Normally, this would be a bear, but in this case, the problem is not
too bad, because the distribution has only 2 degrees of freedom, so
my
pdf is:

(i) f(z) = z * exp[-(z^2 + c^2)/2] * I_0(c*z)
where c is my non-centrality param and I_0 is modified Bessel
function
of zero order.

The log function is:
(ii) Ln(f) = ln(z) - (z^2 + c^2)/2 + ln[ I_0(cz) ]

and using the fact that:
(iii) d/dx I_0(x) = I_1(x)

gives us the derivative of the log liklihood function (I'll call F)
as: (iv) F(z) = 1/z - z + c * I_1(cz)/I_0(cz)
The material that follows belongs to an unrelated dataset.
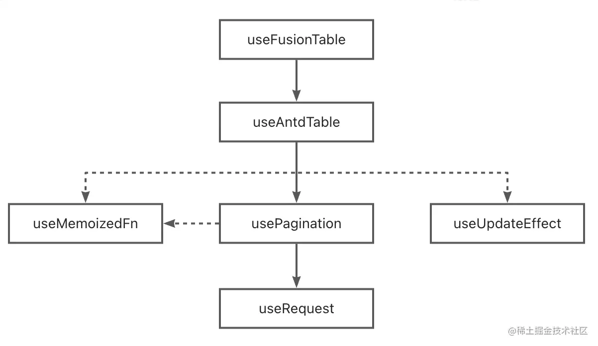 如上图所示,描述了useFusionTable、useAntdTable、usePagination、useRequest四个hook的调用依赖关系。

? Why are you taking the derivative with respect to z, and not c?

David Jones

Because I did something _very_ stupid: sorry.
But, even if you take the derivative wrt c, the problem still does not
work out, since the derivative of the Log liklelihood function is now:
(v.a) 0 = -c + z * I_1(cz)/I_0(cz)
or
(v.b) c*I_0(cz) = z*I_1(cz)
The power series expansion still will not work using this eqn since the
first few terms in the p.s. expansion of I_0(cz) are:
(vii.a) 1 + (cz)^2/4 + (cz)^4/36 + ...
and that of I_1(cz) is:
(vii.b) (cz)/2 + (cz)^3/16 + (cz)^5/384 + ...
and subtituting the last two expressions into (v.b) still gives an eqn
for which I cannot see a soln.

Matt

.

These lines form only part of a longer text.